Transport in Selectively Magnetically Doped Topological Insulator Wires

TL;DR

This paper investigates how selective magnetic doping affects electronic transport in topological insulator nanowires, revealing conductance switching and resonant tunneling phenomena tunable by magnetic configuration and magnetic flux.

Contribution

It introduces a model for magnetic doping effects in topological insulator nanowires and analyzes transport properties, including conductance switching and resonant tunneling, using Green function methods.

Findings

Conductance switches from quantized to near zero with opposite surface magnetizations.

Resonant tunneling occurs through chiral states at the wire's middle.

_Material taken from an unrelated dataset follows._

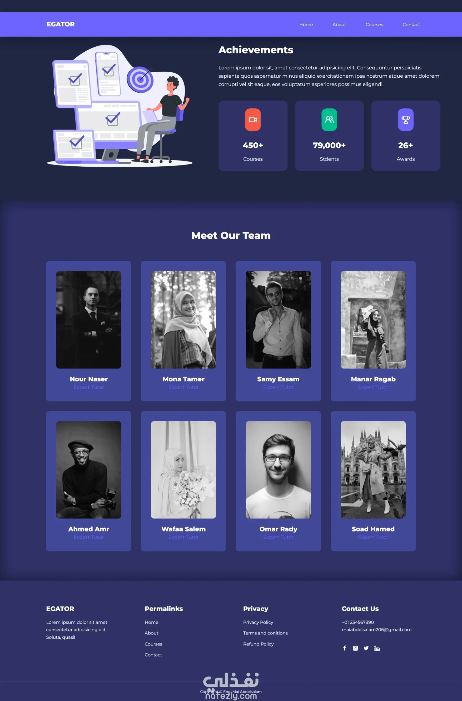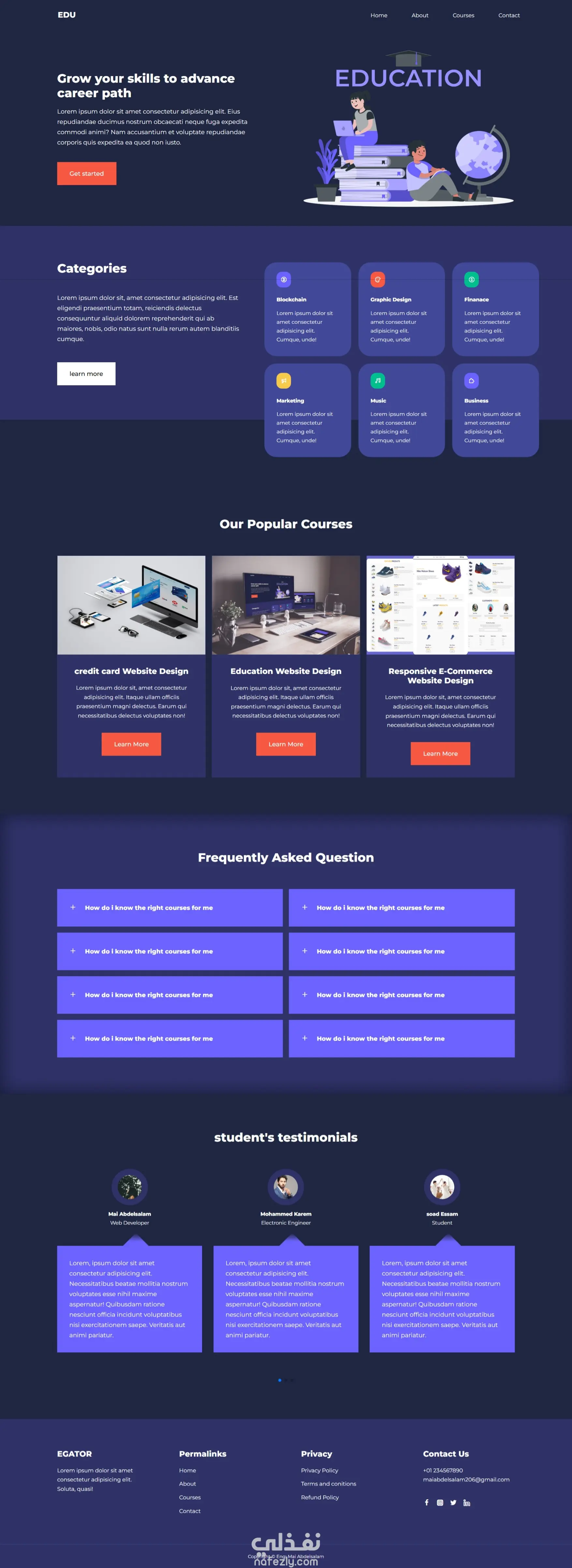 تصميم احترافي متكامل يعكس هوية الموقع التعليمية.

Aharonov-Bohm flux tunes the resonant level position.

Abstract

We study the electronic and transport properties of a topological insulator nanowire including selective magnetic doping of its surfaces. We use a model which is appropriate to describe materials like Bi$_2$Se$_3$ within a k.p approximation and consider nanowires with a rectangular geometry. Within this model the magnetic doping at the (111) surfaces induces a Zeeman field which opens a gap at the Dirac cones corresponding to the surface states. For obtaining the transport properties in a two terminal configuration we use a recursive Green function method based on a tight-binding model which is obtained by discretizing the original continuous model. For the case of uniform magnetization of two opposite nanowire (111) surfaces we show that the conductance can switch from a quantized value of $e^2/h$ (when the magnetizations are equal) to a very small value (when they are opposite). We also analyze the case of non-uniform magnetizations in which the Zeeman field on the two opposite surfaces change sign at the middle of the wire. For this case we find that conduction by resonant tunneling through a chiral state bound at the middle of the wire is possible. The resonant level position can be tuned by imposing an Aharonov-Bohm flux through the nanowire cross section.